We went out Sunday, greeted by a chilly wind, to check the bays and try and locate the schools of reds we have been watching for the upcoming tournaments. The bay was white capping and rolling waves three feet and above, which made it unsafe for travel. The water was pushed out due to the cold front and wouldn’t have allowed me on the flats anyways.
So we decided to check some mud flats in the bayous, the warmth of the mud flats was holding some lower slot reds and a lot of trout at the drop offs. The reds were sunning in about a foot of water, but wouldn’t eat. Moved to docks and structure, found some reds and a lot of trout. The reds there weren’t that interested in eating, and we had to move and work the bait with a slow twitch method to get the bite.
First, let me say that as an angler I understand that fishing after a cold front can be very aggravating, especially if you fish shallow flats and marshes. Cold fronts can pretty much be the excuse you need to head to the woods to hunt or sit in the house by the fire and watch sports.
The cold front drops the water temperature drastically, especially on the flats and pushes some of the water out of the bay. The wind behind a front will shift out of the north 20 to 30 knots. This will make the tide super low regardless of a high or low tide. Areas you caught fish a few days before will not be accessible. This will force reds and trout in shallow water to seek holding areas in deeper water, or onto dark bottoms where the temperature will be warmer.
Once I find them, I like to use a matrix shad or a gulp shrimp on eighth ounce to fourth ounce jig head depending depth to keep presentation.
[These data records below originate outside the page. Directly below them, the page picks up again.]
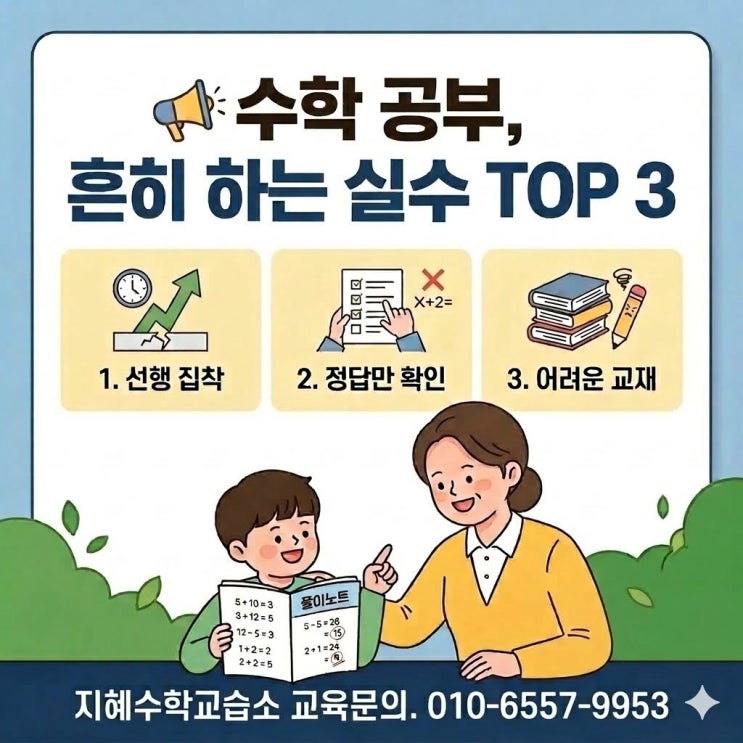 안녕하세요! 아이들의 수학적 지혜를 쑥쑥 키워주는 지혜수학교습소입니다. 저는 '선생님, 저 이거 혼자 풀었어요!'라고 외치며 환하게 웃는 아이들을 볼 때 가장 행복합니다. 하지만 처음 온 아이들 중에는 정답만 맞히고 '왜?'라는 질문에는 고개를 갸우뚱하는 경우가 많아 안타깝기도 합니다. 수학 공부를 할 때 흔히 하는 대표적인 실수들, 혹시 우리 아이의 이야기는 아닐까요? 1. 선행이 빠르면 잘하는 것 아닌가요? 2. 무조건 많이 풀고 정답만 찾기 3. 수준보다 어려운 심화 교재 선택 첫째는 우리 아이의 현재 실력을 고려하지 않은 채 진도만 앞서가는 것입니다. 수학은 ‘얼마나 빨리’보다 ‘얼마나 정확히....... <img src="https://blogthumb.pstatic.net/MjAyNjAzMThfMTY4/MDAxNzczODIzMTA3Mzc0.QMv9dO5NxqAY9ARwrHjzy-XVC5rzoNX2IbEBmaZ1Tkog.a4GTHOI1yBDRkVTenzh8kST5KcJycksuebGUa4943Bgg.JPEG/unnamed.jpg?type=s3" />
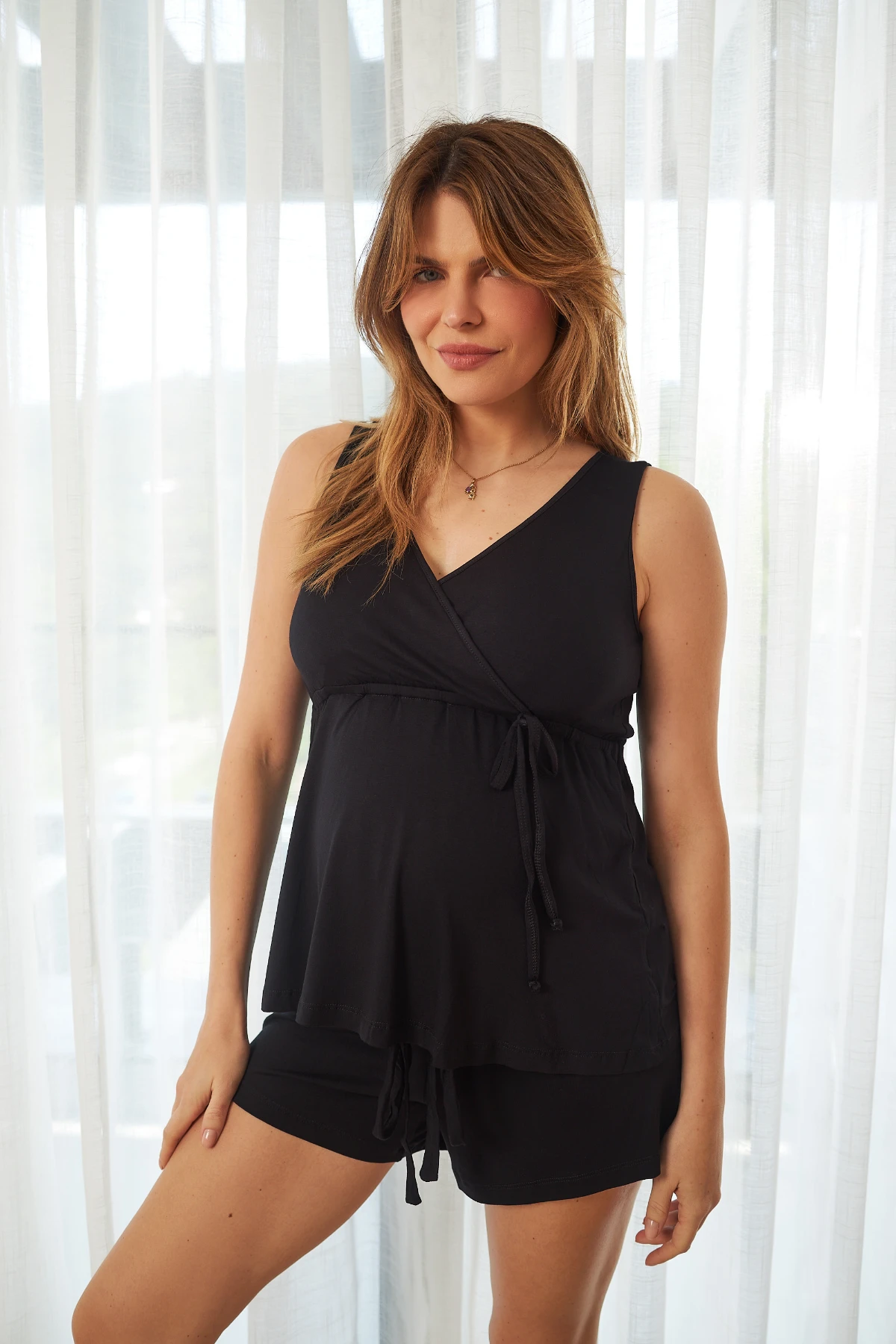 O short completa o conjunto com modelagem soltinha que permite liberdade de movimento e repouso. O corte prioriza conforto prolongado, sendo prático para usar durante a gestação, para dormir ou para a rotina em casa.
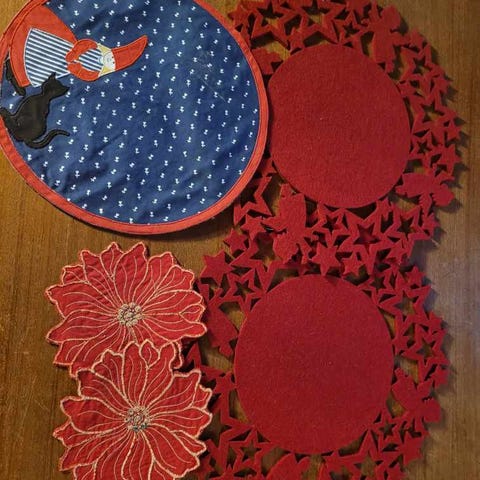 Søkeord julebrikke juleduk julepynt stjerneduk god jul brodert håndarbeid jul lin tekstil retro vintage borddekking rød grønn gul
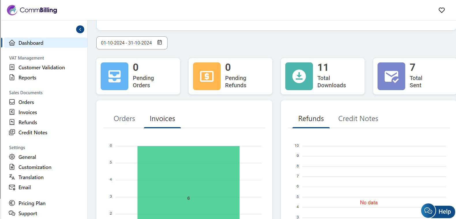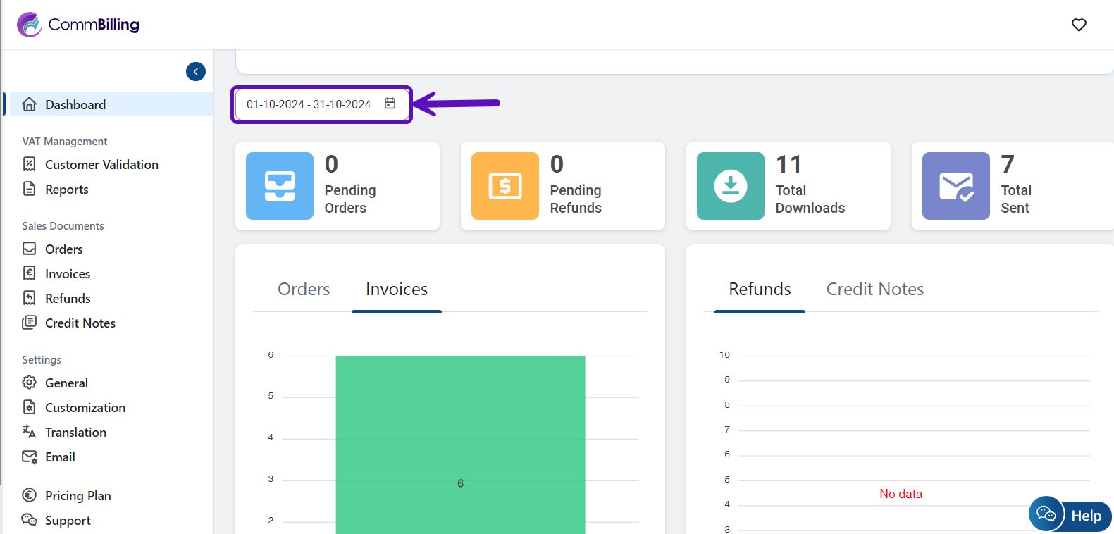 - To get specific insights, select a date range filter. This will update the invoice statistics to show only those generated within the chosen timeframe.
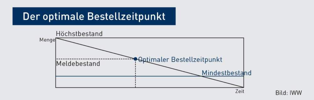 Der Meldebestand ist die Bestandsgröße, bei welcher nachbestellt werden muss. Dadurch wird sichergestellt, dass nicht auf den Mindestbestand zurückgegriffen wird.
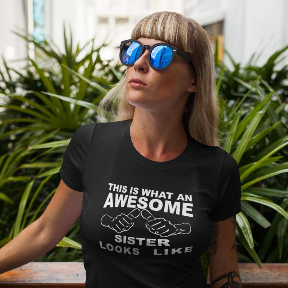 Smešna majica z napisom This is what an awesome sister looks like. Top majica primerna kot saljivo in uporabno darilo .
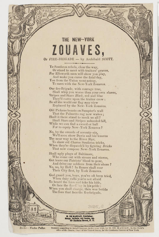 a. Title: "The New-York Zouaves, or Fire-Brigade"; by Archibald Scott; publ. De Marsan (4). De Marsan Yankee pedlar border;

Calm areas are the easiest to fish on a windy day, and have warmer water after cold fronts push through. Seek out wind-protected areas with a dark muddy bottom, protected shorelines, coves, and creeks to yield the best results.
Please remember, when fishing late fall, winter and early spring cold fronts bring bad weather. You must check the marine forecast the evening before and the morning of before you head out and use your better judgement. No fish or fishing trip is worth destroying your property or putting your life in danger.
The water and weather can be unforgiving.